▶ Task details
Pull out the lines from the one containing "Silver Toned Etched" through the final line of the listing below and repeat them exactly. Leave the pictures behind.
··· Records supplied
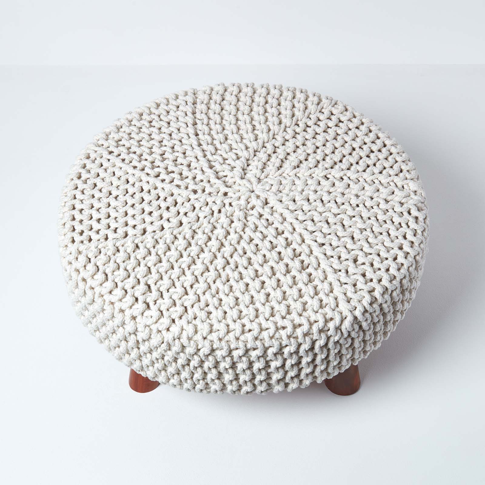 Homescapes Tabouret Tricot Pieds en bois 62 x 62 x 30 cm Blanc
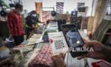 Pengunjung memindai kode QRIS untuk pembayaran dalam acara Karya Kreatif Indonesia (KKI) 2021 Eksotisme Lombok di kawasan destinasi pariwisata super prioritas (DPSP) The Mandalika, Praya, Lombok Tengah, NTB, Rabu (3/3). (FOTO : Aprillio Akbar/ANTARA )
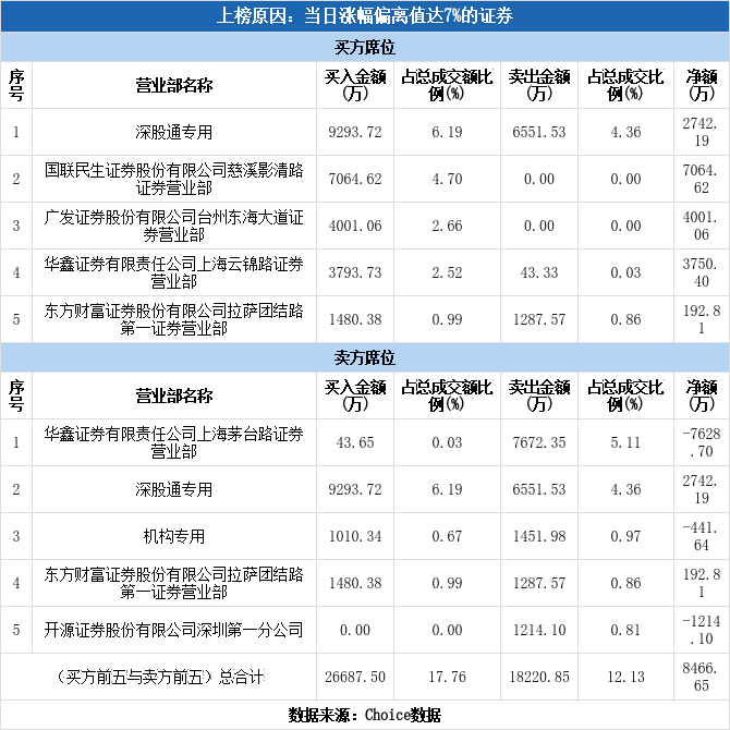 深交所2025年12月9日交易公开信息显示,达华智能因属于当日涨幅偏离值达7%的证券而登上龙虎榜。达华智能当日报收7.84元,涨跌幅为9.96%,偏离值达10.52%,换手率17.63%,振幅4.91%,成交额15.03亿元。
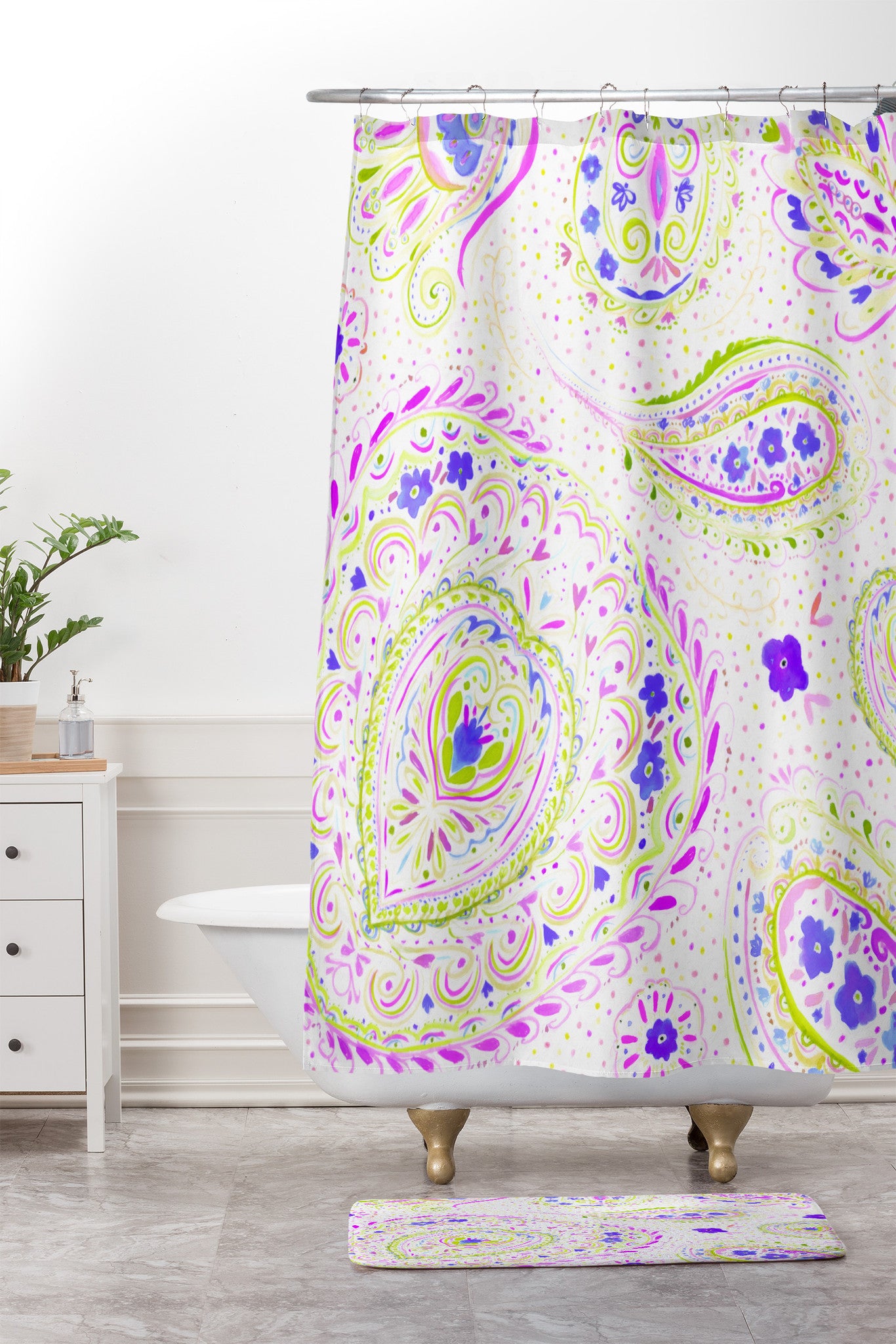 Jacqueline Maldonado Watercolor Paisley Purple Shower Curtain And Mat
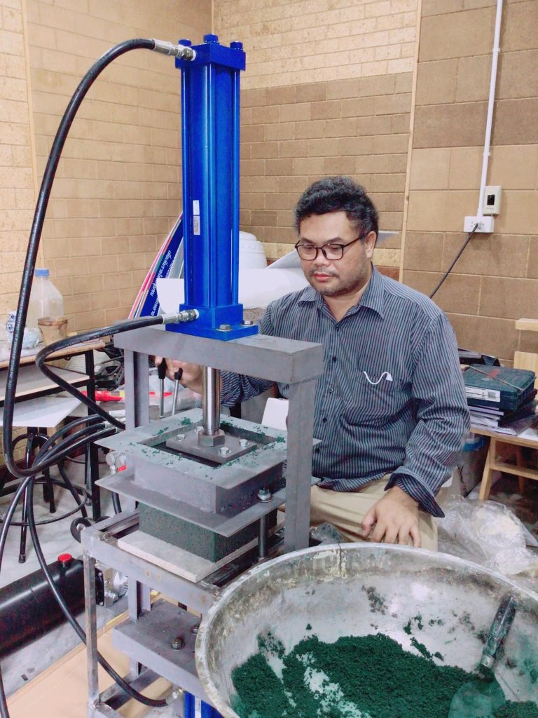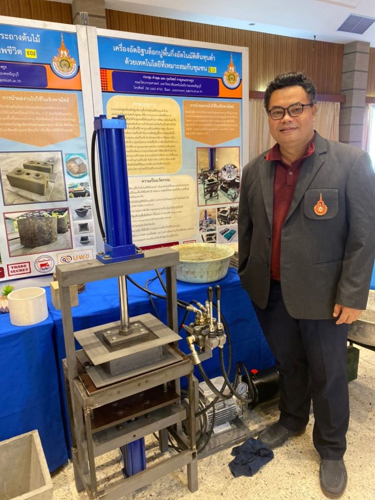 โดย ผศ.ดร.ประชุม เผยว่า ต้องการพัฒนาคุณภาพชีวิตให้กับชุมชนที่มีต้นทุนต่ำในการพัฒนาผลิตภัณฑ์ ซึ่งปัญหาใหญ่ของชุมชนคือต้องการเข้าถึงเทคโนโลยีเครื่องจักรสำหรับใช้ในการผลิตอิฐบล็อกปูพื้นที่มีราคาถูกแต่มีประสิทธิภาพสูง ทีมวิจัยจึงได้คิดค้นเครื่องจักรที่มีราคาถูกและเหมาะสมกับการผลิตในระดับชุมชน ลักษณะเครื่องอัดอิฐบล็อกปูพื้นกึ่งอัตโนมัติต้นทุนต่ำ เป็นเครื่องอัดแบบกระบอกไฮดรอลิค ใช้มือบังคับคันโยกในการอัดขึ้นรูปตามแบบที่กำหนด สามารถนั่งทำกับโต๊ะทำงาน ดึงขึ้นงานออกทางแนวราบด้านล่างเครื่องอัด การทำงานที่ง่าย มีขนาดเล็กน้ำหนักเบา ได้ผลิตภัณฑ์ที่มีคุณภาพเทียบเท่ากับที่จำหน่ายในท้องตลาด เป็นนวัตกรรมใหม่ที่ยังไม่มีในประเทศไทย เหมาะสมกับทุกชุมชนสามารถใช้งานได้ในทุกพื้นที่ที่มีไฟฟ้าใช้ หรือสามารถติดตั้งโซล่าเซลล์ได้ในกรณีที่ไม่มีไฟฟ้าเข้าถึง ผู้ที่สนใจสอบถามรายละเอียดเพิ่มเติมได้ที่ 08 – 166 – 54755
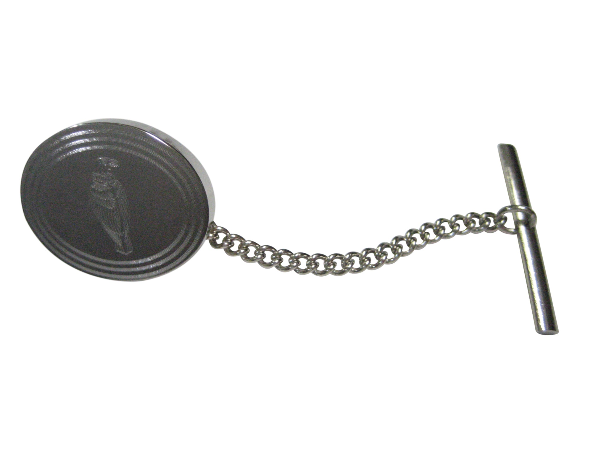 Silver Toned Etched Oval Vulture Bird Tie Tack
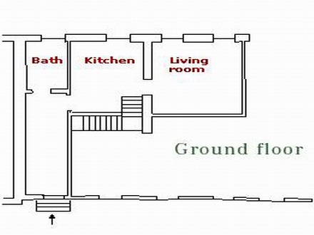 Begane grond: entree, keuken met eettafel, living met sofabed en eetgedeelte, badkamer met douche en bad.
······
▶ Response area
 Silver Toned Etched Oval Vulture Bird Tie Tack
 Begane grond: entree, keuken met eettafel, living met sofabed en eetgedeelte, badkamer met douche en bad.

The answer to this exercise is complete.